(Source data)
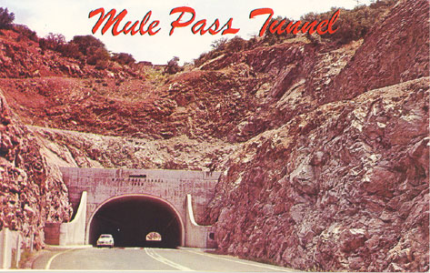"Mule Pass Tunnel, Bisbee, Arizona. This is the longest tunnel in the state. Completed in 1958." Card No. P41068, purchased October 24, 1972.
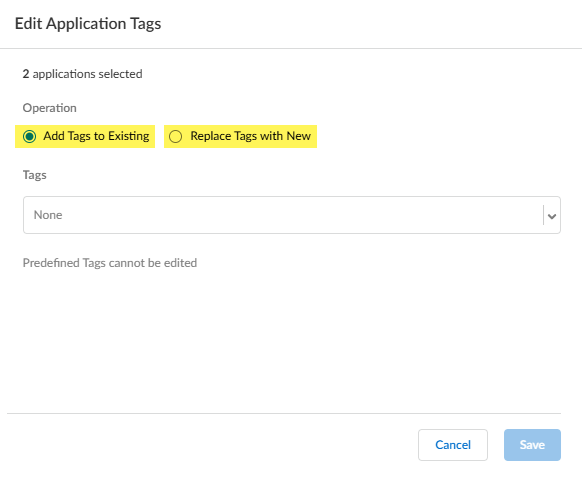 • Add Tags to Existing—adds additional tags to the previously applied tags for the selected applications.
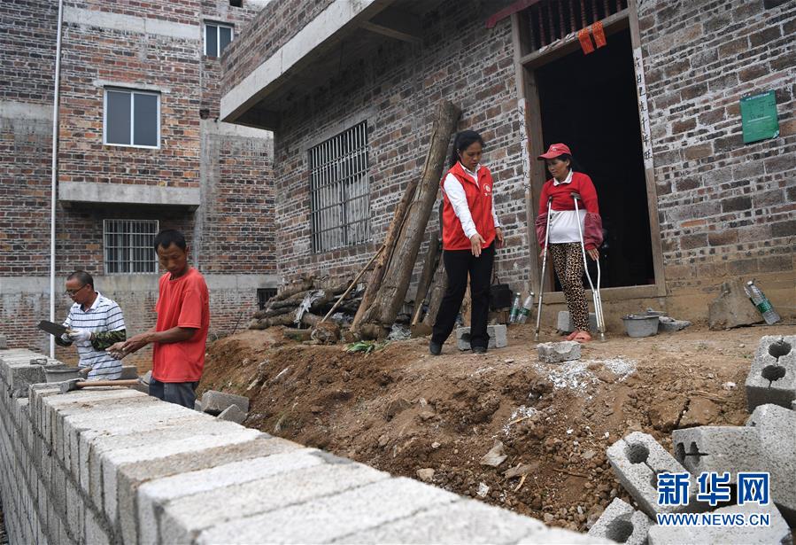 唐莉(右二)在平樂(lè)縣張家鎮(zhèn)老埠村貧困戶陶仁桂家查看無(wú)障礙設(shè)施改造項(xiàng)目建設(shè)進(jìn)展(5月4日攝)。新華社記者周華攝
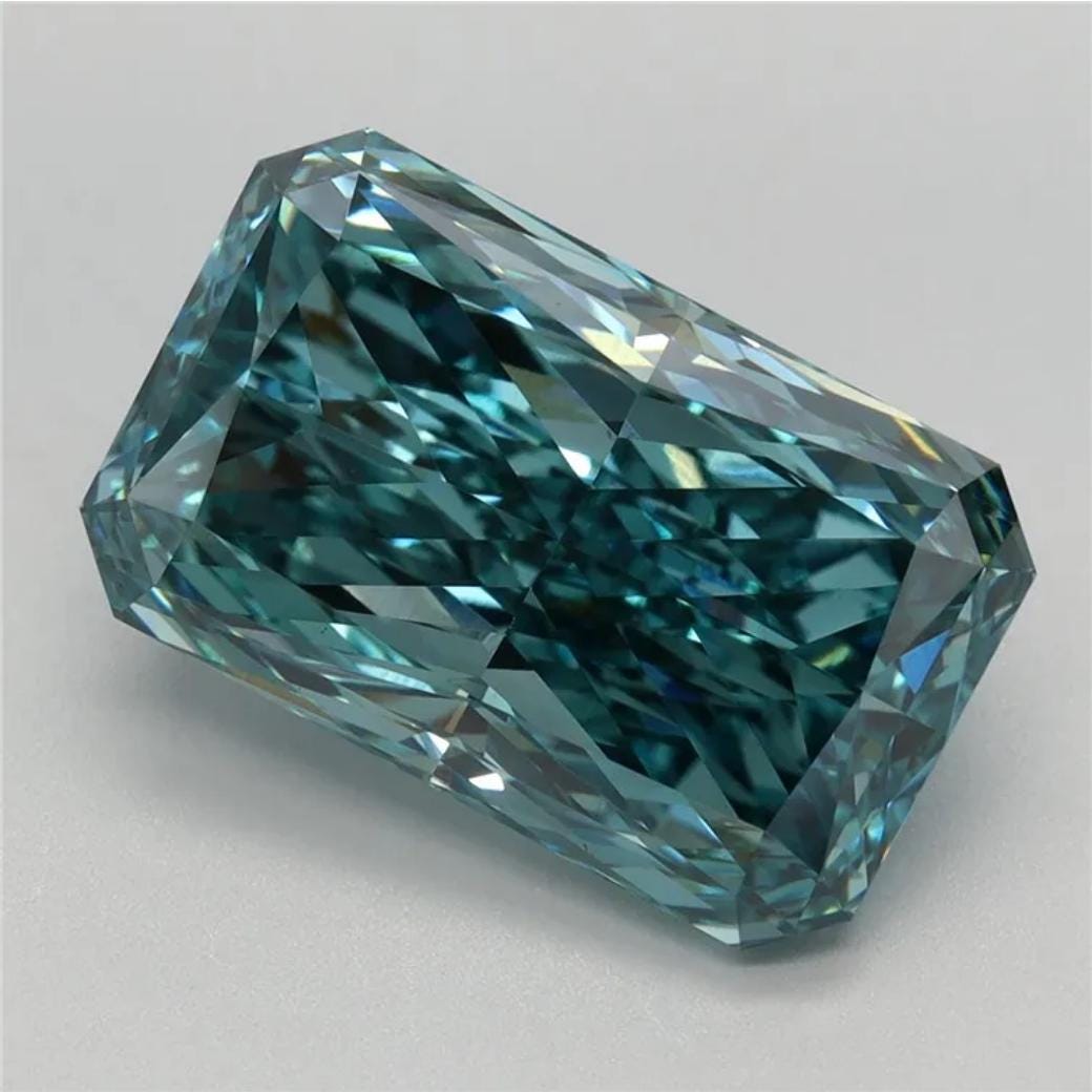 Radiant 5ct Fancy Vivid Greenish Blue VS1 2EX Lab Grown Diamond - Custom Engagement Ring
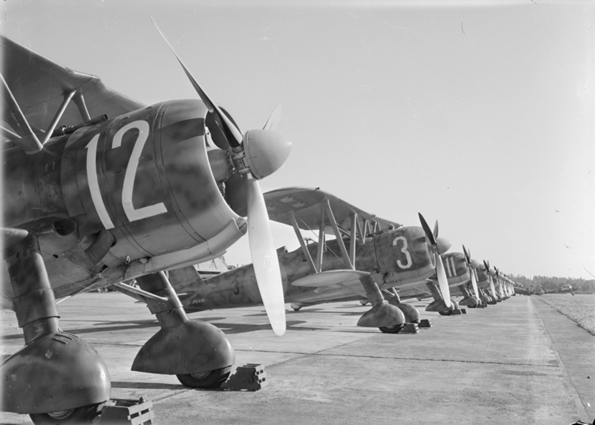 Flygplan J 11 uppställda på linje på F 3 Malmen.
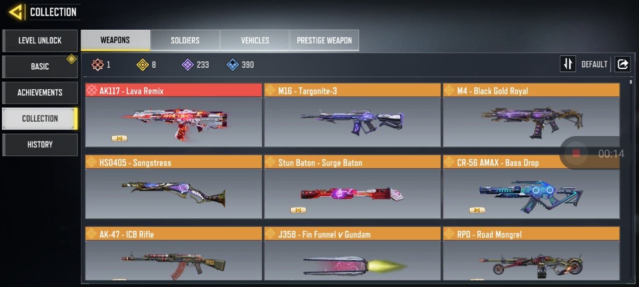 🔫 Скины оружия: 1 Мифик • 8 Легендарок • 233 Эпиков
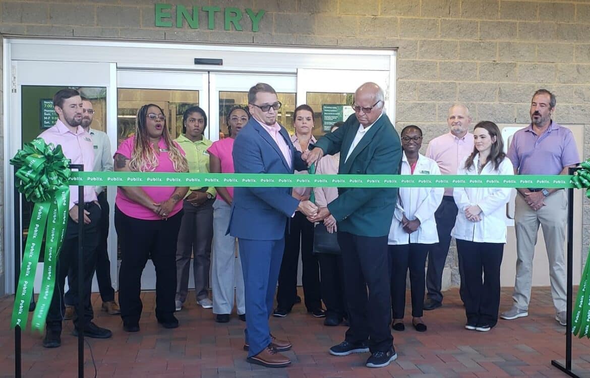The new store celebrated a ribbon cutting with Manager Daniel Sims, Millbrook Mayor Al Kelley and Publix associates before a full parking lot of vehicles and people. Soon after the crowd swarmed through the doors to check out the newest Publix in our area and take advantage of some store specials.
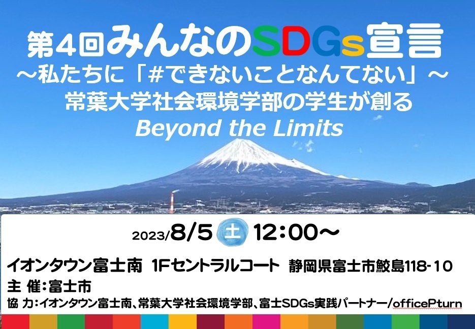 富士市をSDGsで元気にしたい!と活動する富士SDGs実践パートナー(静岡県富士市、代表:岩科 禎修)とofficePturn(オフィスぴーたん)は、常葉大学社会環境学部の学生さんと共に「第4回みんなのSDGs宣言発表会」をイオンタウン富士南店で開催いたします。SDGs(持続可能な開発目標)に共感を持つ多様な方々が集い、地域の未来に向けたアクションやプロジェクトを共有するこのイベントは、地域社会の持続可能な発展をサポートする重要な場となるでしょう。
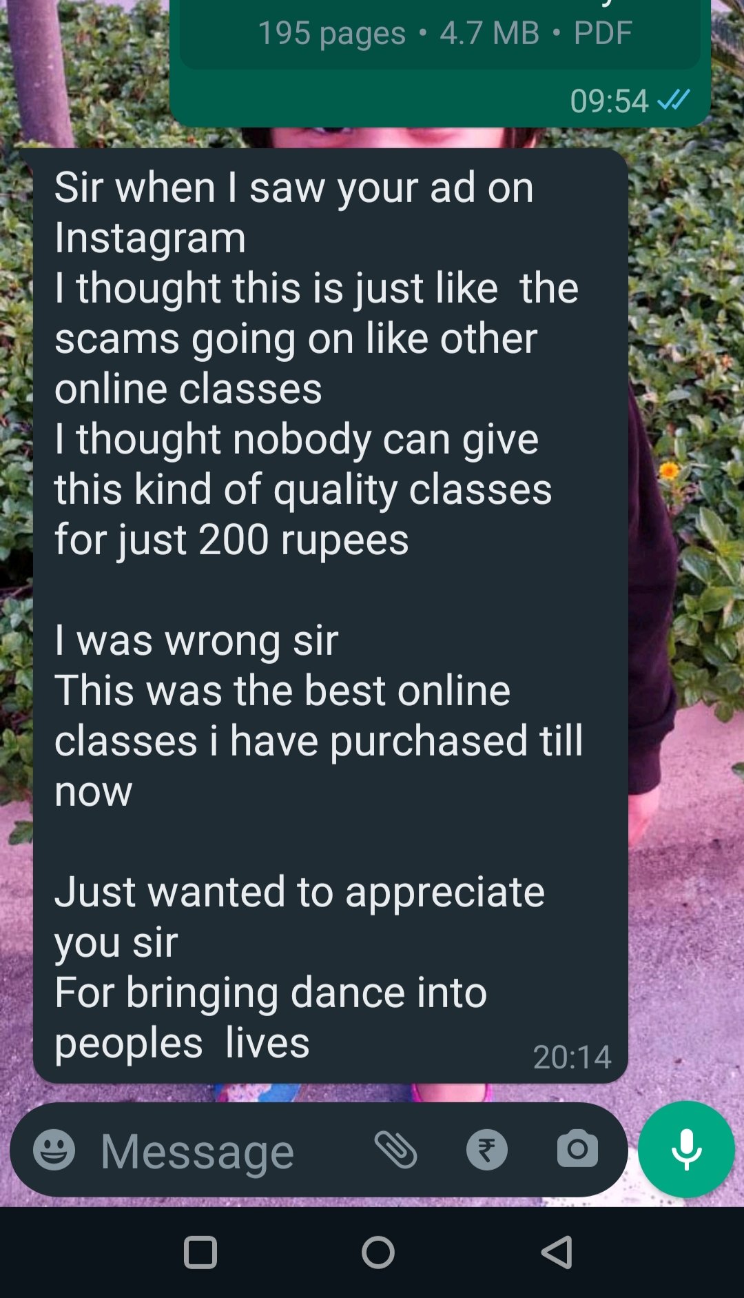When we first read this message from a student who joined our ₹200 online dance workshop, we were moved to tears:
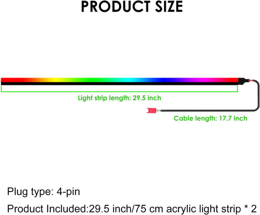 Dreamcolor Acrylic Interior Car Lights, 2 Piece 29.5inch/75cm 128 Colorful Car LED Strip Light RGB Fiber Optic Rainbow Ambient Lighting bar, Universal Decoration Dynamic Atmosphere Neon Lights
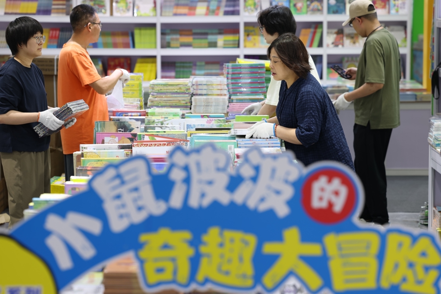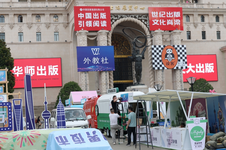 8月12日,记者探营2025上海书展,工作人员正在上海展览中心的主会场内加班加点摆放图书,布置展台。
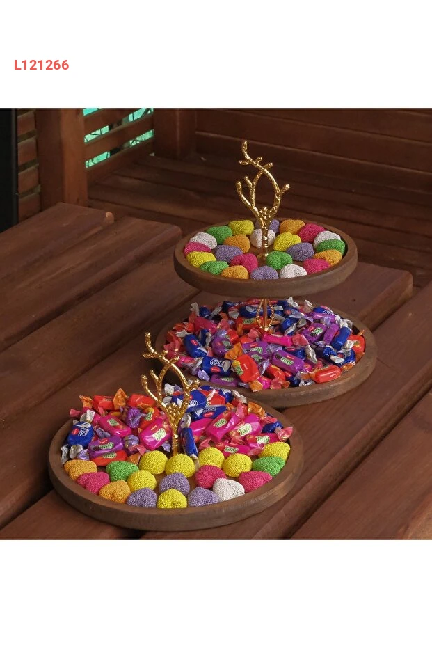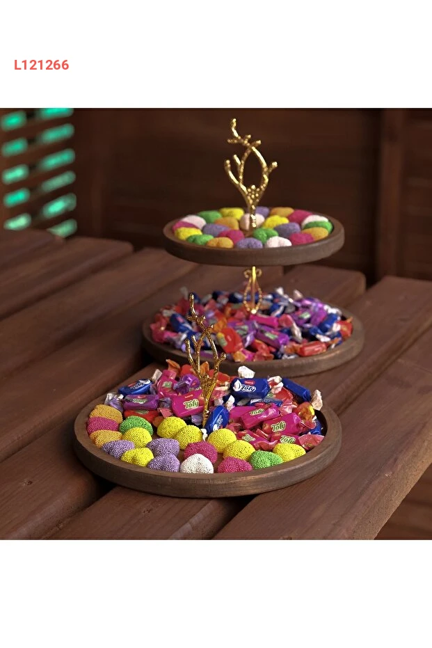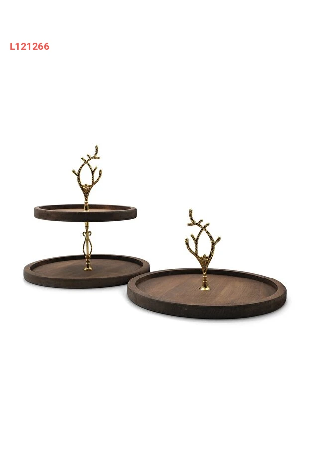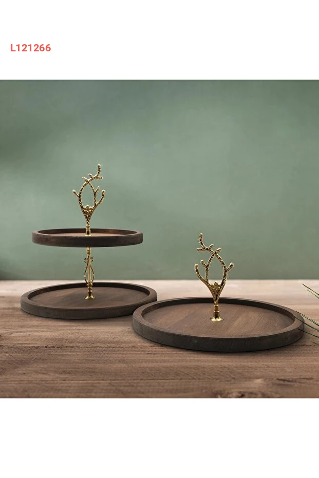 طبق تقديم كعكة وحلويات خشبي ذو مقبض دائري بطبقتين وطبقة واحدة
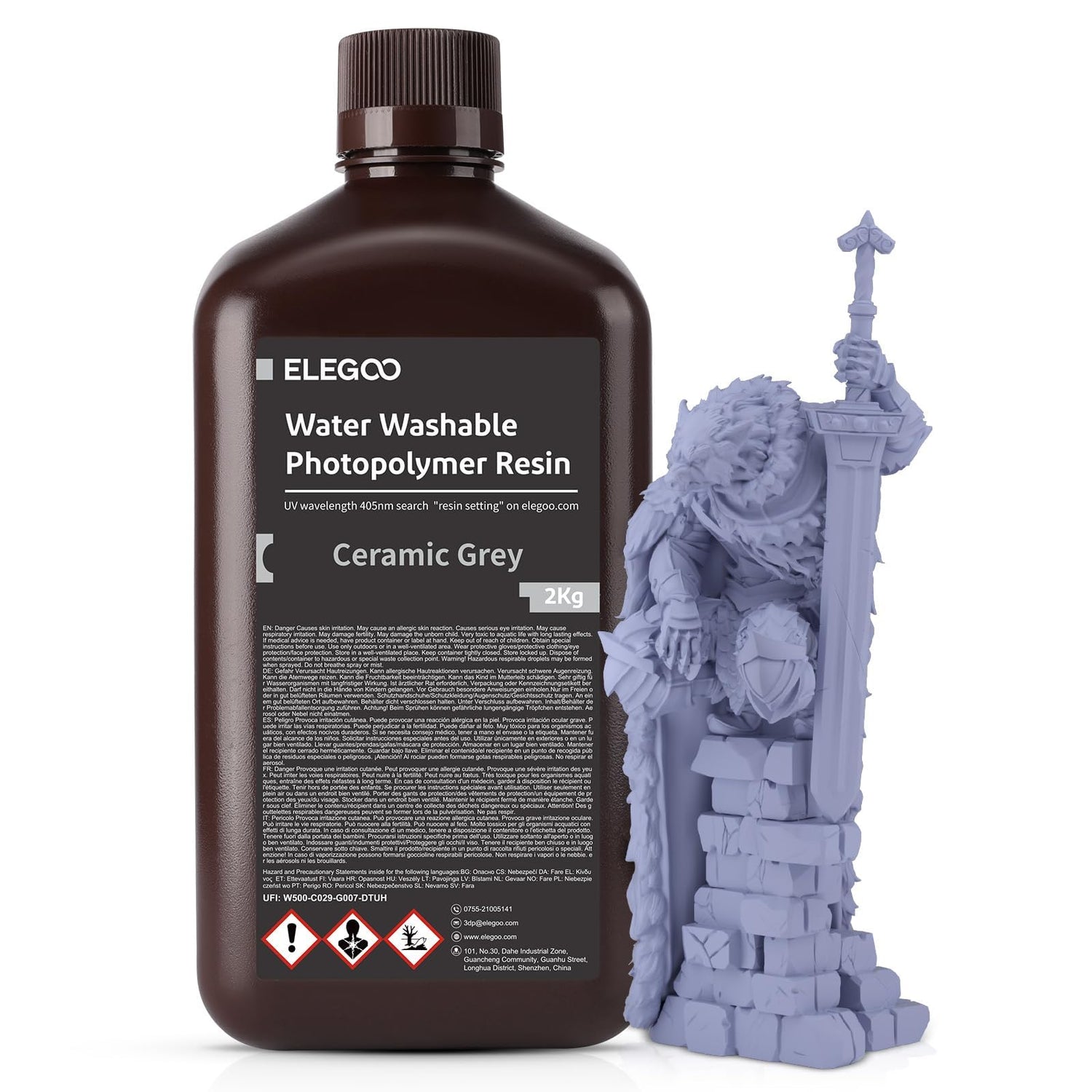 ELEGOO Water Washable 3D Printer Resin 2000g, Precise Printing Liquid Photopolymer Resin, Low Shrinkage 405nm Curing Resin for LCD 3D Printer, Grey

(Aim of the task) Only the lines from the one containing "Легендарок • 233 Эпиков" through the last line of the data may appear in the answer, each given again exactly and with pictures left out.

(Answer space)
 🔫 Скины оружия: 1 Мифик • 8 Легендарок • 233 Эпиков
The new store celebrated a ribbon cutting with Manager Daniel Sims, Millbrook Mayor Al Kelley and Publix associates before a full parking lot of vehicles and people. Soon after the crowd swarmed through the doors to check out the newest Publix in our area and take advantage of some store specials.
 富士市をSDGsで元気にしたい!と活動する富士SDGs実践パートナー(静岡県富士市、代表:岩科 禎修)とofficePturn(オフィスぴーたん)は、常葉大学社会環境学部の学生さんと共に「第4回みんなのSDGs宣言発表会」をイオンタウン富士南店で開催いたします。SDGs(持続可能な開発目標)に共感を持つ多様な方々が集い、地域の未来に向けたアクションやプロジェクトを共有するこのイベントは、地域社会の持続可能な発展をサポートする重要な場となるでしょう。
When we first read this message from a student who joined our ₹200 online dance workshop, we were moved to tears:
 Dreamcolor Acrylic Interior Car Lights, 2 Piece 29.5inch/75cm 128 Colorful Car LED Strip Light RGB Fiber Optic Rainbow Ambient Lighting bar, Universal Decoration Dynamic Atmosphere Neon Lights
 8月12日,记者探营2025上海书展,工作人员正在上海展览中心的主会场内加班加点摆放图书,布置展台。
 طبق تقديم كعكة وحلويات خشبي ذو مقبض دائري بطبقتين وطبقة واحدة
 ELEGOO Water Washable 3D Printer Resin 2000g, Precise Printing Liquid Photopolymer Resin, Low Shrinkage 405nm Curing Resin for LCD 3D Printer, Grey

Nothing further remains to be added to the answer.